When you take into account the "optimistic" LTV FS usually use I have to ask why FS are lowering their standards and accepting loans in excess of 70%.
I would appreciate other forumites comments as I really have difficulty understanding.
Yesterday's offering at 72% looks safe. All 5 properties are complete, 2 are sold and the others are sold STC, so the valuation is not in doubt.
|
|
r00lish67
Member of DD Central
Posts: 2,692
Likes: 4,048
|
Post by r00lish67 on Feb 6, 2018 7:48:07 GMT
Yesterday's offering at 72% looks safe. All 5 properties are complete, 2 are sold and the others are sold STC, so the valuation is not in doubt. Indeed. Meanwhile, one of the least popular loans on the SM of late (B*** Cottage) has an LTV of 'only' 34%, and some of the Lytham tranches, 17%. The point is that the LTV value FS attribute are notional. A figment of their creative flair at the time. I don't think we should be put off by FS declaring an LTV of 70%+, any more than I think we should dive in at 34%.
|
|
09dolphin
Member of DD Central
Posts: 638
Likes: 866
|
Post by 09dolphin on Feb 6, 2018 8:50:30 GMT
Yesterday's offering at 72% looks safe. All 5 properties are complete, 2 are sold and the others are sold STC, so the valuation is not in doubt. Indeed. Meanwhile, one of the least popular loans on the SM of late (B*** Cottage) has an LTV of 'only' 34%, and some of the Lytham tranches, 17%. The point is that the LTV value FS attribute are notional. A figment of their creative flair at the time. I don't think we should be put off by FS declaring an LTV of 70%+, any more than I think we should dive in at 34%. I sort of agree that FS use "notional" values which are designed to mislead as, by definition, notional values are meaningless.

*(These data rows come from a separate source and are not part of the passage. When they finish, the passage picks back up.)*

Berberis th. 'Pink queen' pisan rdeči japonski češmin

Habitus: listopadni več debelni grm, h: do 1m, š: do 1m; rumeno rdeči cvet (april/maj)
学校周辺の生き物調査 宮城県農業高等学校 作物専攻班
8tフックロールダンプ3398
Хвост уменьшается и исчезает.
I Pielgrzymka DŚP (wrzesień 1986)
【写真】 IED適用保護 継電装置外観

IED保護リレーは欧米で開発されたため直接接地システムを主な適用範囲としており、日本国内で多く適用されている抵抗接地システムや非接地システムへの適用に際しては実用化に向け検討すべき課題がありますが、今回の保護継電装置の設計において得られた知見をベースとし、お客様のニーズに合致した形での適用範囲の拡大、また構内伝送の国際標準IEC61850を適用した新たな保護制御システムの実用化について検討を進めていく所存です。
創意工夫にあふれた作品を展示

If FS are using "notional" values for their LTV I think any and all investors should be exceedingly cautious and probably choose to invest elsewhere as it's a basically dishonest measure of value.
|
|
r00lish67
Member of DD Central
Posts: 2,692
Likes: 4,048
|
Post by r00lish67 on Feb 6, 2018 8:56:19 GMT
Indeed. Meanwhile, one of the least popular loans on the SM of late (B*** Cottage) has an LTV of 'only' 34%, and some of the Lytham tranches, 17%. The point is that the LTV value FS attribute are notional. A figment of their creative flair at the time. I don't think we should be put off by FS declaring an LTV of 70%+, any more than I think we should dive in at 34%. I sort of agree that FS use "notional" values which are designed to mislead as, by definition, notional values are meaningless. However I assume then that you agree that all the money advanced on the Whitehaven debacle fits in with the LTV of not exceeding 65% or 70% at any time. Yet this "notional" LTV did contribute to investors decision to invest in further loans. I can't believe anyone would have invested knowing that only the first loan had any chance whatsoever of being repaid and the further investors were being held out to dry on all the other additional loans.
If FS are using "notional" values for their LTV I think any and all investors should be exceedingly cautious.

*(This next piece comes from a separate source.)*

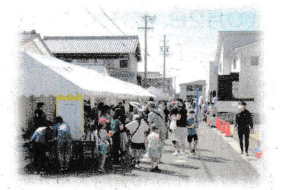
はんばい 【販売ブース】

コロナ禍により、まだまだ制約の残るいれあいまつりではありましたが、開催に際して、準備や後片付け、運営に携わっていただいた天白町やまちづくりの会、並びにボランティア、関係校・機関、南中学校吹奏楽部等の皆さん、また、事前に会場周辺の環境美化に取り組んでいただいていた方もみえました。本当にありがとうございました。人と人とが出会うことから、知り合いになり、少しずつでも、誰もが住みよい温かいまちづくりのための一助になればと切に願っています。今後ともどうぞよろしくお願いいたします。

This has been discussed in a few threads over the last few days, for example see yangmills ' neat summary: p2pindependentforum.com/post/243597In short, yes you should be exceedingly cautious, and it's not just FS by any means. Re: Whitehaven, IMV that's something entirely different. It's one thing asking lenders to suspend their disbelief by accepting ambitious assumptions to arrive at 70% LTV, quite another to ask lenders to believe outright falsehoods to arrive at the same.
|
|
r1200gs
Member of DD Central
Posts: 1,336
Likes: 1,883
|
Post by r1200gs on Feb 6, 2018 8:56:47 GMT
I have noticed in the past 2 months that there have been several loans put up for an investment in excess of 70% LTV.

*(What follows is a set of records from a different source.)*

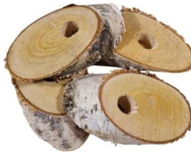
51353 VE 1 5er Pack Birkenscheiben ca. 9-13cm lang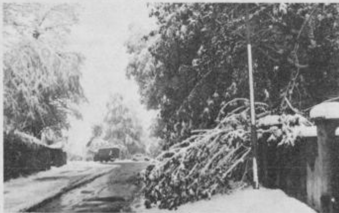
Ozelenelo drevje ni zdržalo teže mokrega snega

Takšno razdejavanje so za sabo pustili neznanci v Janžekoviči hiši v Zamušanih 77.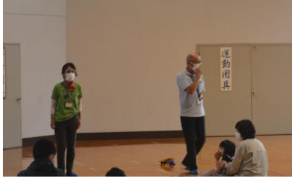
講師の先生からのお話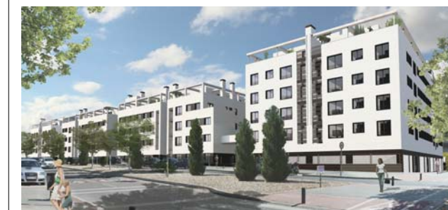
VISTA DESDE LA CALLE JORGE OTEIZA ESQUINA PASEO DE LA DEMOCRACIA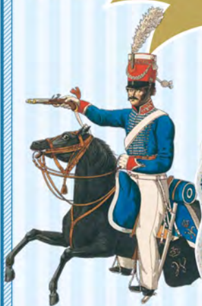
トッペンズ「オランダ陸軍の服装と武装」★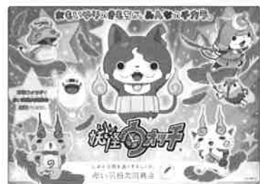
LS/YWP-TX 〈妖怪ウォッチ下敷き〉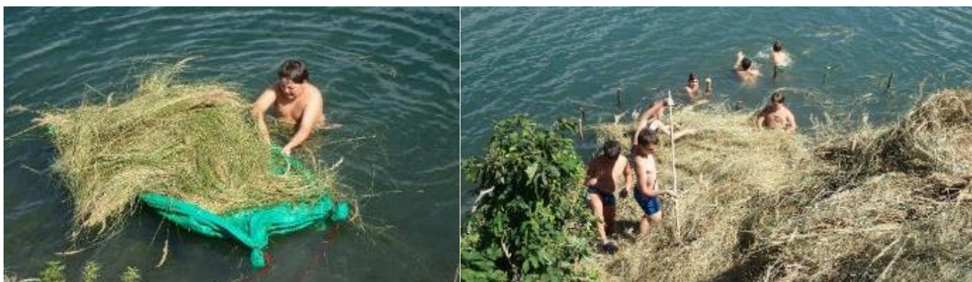
Posekanou třtinu jsme využili na stavbu ostrůvků, na kterých může hnízdit vodní ptactvo.

It does cause me some concern that FS are lowering their standards and are willing to take increased risks with lenders money in order to keep up a flow of loans - I can't think of any other motivation except some of these loans are renewals with increased borrowing - which rings serious alarm bells for me. Having done DD into some loans over 70% I must admit to having serious concerns. If the interest rate was 16% to 20% it may be worth the risk as the probability of a recovery in the event of the possible default situation is poor and frankly is diabolical taking account the past history of this company's recovery of defaulted loans over the past 2 years.
When you take into account the "optimistic" LTV FS usually use I have to ask why FS are lowering their standards and accepting loans in excess of 70%.
I would appreciate other forumites comments as I really have difficulty understanding.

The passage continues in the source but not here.